Dubai: My nose starts to run after a few minutes when I step in wearing a down-filled jacket and large snow boots as the temperature inside Ski Dubai is a bone-chilling minus 2C.

"This cold is nothing if you are from Europe," says the lady from guest relations disdainfully as I sit huddled on the ski lift while we go higher and higher up the slope.

"Lift your feet up when we make the turn to go back down," she says in accented English. I did not know this at that time but the peak of the slope is 85 metres high from the ground, which is like going up 25 storeys strapped to a chair and hanging in the air.

As my ears slowly became numb I forgot for sometime that we were in a mall in a desert, and outside the temperature is blazing hot enough to fry an egg on the bonnet of your car.

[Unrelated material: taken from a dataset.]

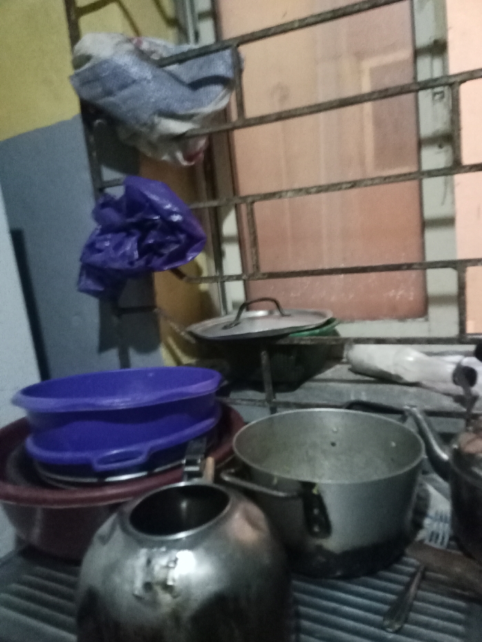 The image displays an indoor utility or kitchen area in the city of Unknown, Unknown. The foreground features a ribbed drying rack. On the left side of the rack, a dark red plastic basin is stacked with two blue plastic bowls, each featuring handles. To the right of these, a tarnished metallic kettle with an open top stands next to a large, dirty grey metallic pot equipped with dark handles. A portion of another metallic vessel and a white plastic bottle are visible further to the right, along with a metallic spoon resting on the rack. In the mid-ground, a dark pot covered by a silver lid with a black handle is positioned. The background consists of a metal security grille with horizontal and vertical bars. A bundled light-colored fabric item is suspended from the upper part of the grille, and a crumpled purple plastic bag hangs below it. Behind the grille, a reddish-brown door or wall is discernible, with a segment of a light-colored wall visible to the left. The scene is dimly lit. No individuals are present.

Now about 2,000 people come to Ski Dubai over the weekend to ski or to just frolic in the snow. When Ski Dubai first opened in 2005 people dismissed it as an amusing and another wild idea.

Clever idea

Frenchman Lucas Marchand, operations manager of Ski Dubai, describes how it all came about: "Majid Al Futtaim, owner of Mall of the Emirates, wanted something that would make the mall a little more exciting than other malls. When he was visiting Japan [with his daughter], he saw a ski slope and said to himself, 'I have to bring it to Dubai.' When he came here, he said 'I want snow, we need to bring snow to Dubai." It was a clever idea."

According to a website on skiing, the Lalaport Ski Dome SSAWS in Tokyo, (which stands for spring, summer, autumn, winter snow), bills itself as a 'mountain under a roof' and cost $400 million (Dh1.46 billion) to build.

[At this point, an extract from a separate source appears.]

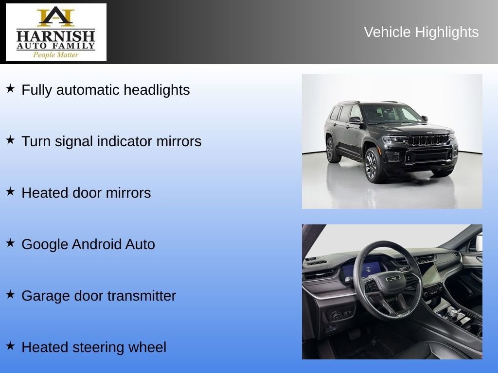 2022 Jeep Overland Grand Cherokee LDiamond Black Crystal Pearlcoat4WDCARFAX One-Owner.Clean CARFAX.18/25 City/Highway MPGPriced below KBB Fair Purchase Price!Experience the Difference at Chevrolet of Puyallup. As one of the top dealers in the NW, we make it easy. With Care-Free Maintenance , No Worry Warranties, Accessory Discounts and the best Customer Rewards Program in the NW. 2022 Jeep Grand Cherokee L Overland {Exterior Color}Experience the Difference at Chevrolet of Puyallup. As one of the top dealers in the NW, we make it easy. With Care-Free Maintenance , No Worry Warranties, Accessory Discounts and the best Customer Rewards Program in the NW. With over 30 years of serving our communities transportation and service needs.Fully automatic headlights, Garage door transmitter, Google Android Auto, Heated door mirrors, Heated front seats, Heated steering wheel, Turn signal indicator mirrors, Ventilated front seats.

Unlike other indoor ski slopes that use artificial snow made from resins, Dubai Ski makes snow by spraying a mist of water and compressed air. Critics have said that Ski Dubai is a huge power consumer.

But Marchand disproves that.

He says it has a very innovative and efficient insulation. The roof has a first layer of insulation, then a five-metre layer of air, then a second layer of insulation. "With this buffer it is quite easy to keep the place cold," he says.

A comparison in power use was done in February and August. In the hottest month, when temperatures soar to nearly 49C, power consumption was only three per cent more, he claims.

Every night the snow is refreshed by adding between 5 and 25 tonnes, depending on the footfall. Busy times for Ski Dubai are summer, winter and public holidays. The highest number it had on one day was 7,800, on Eid.

"We are bringing snow culture where it had never existed. We have given people a chance to ski who normally would not have a chance," says Marchand.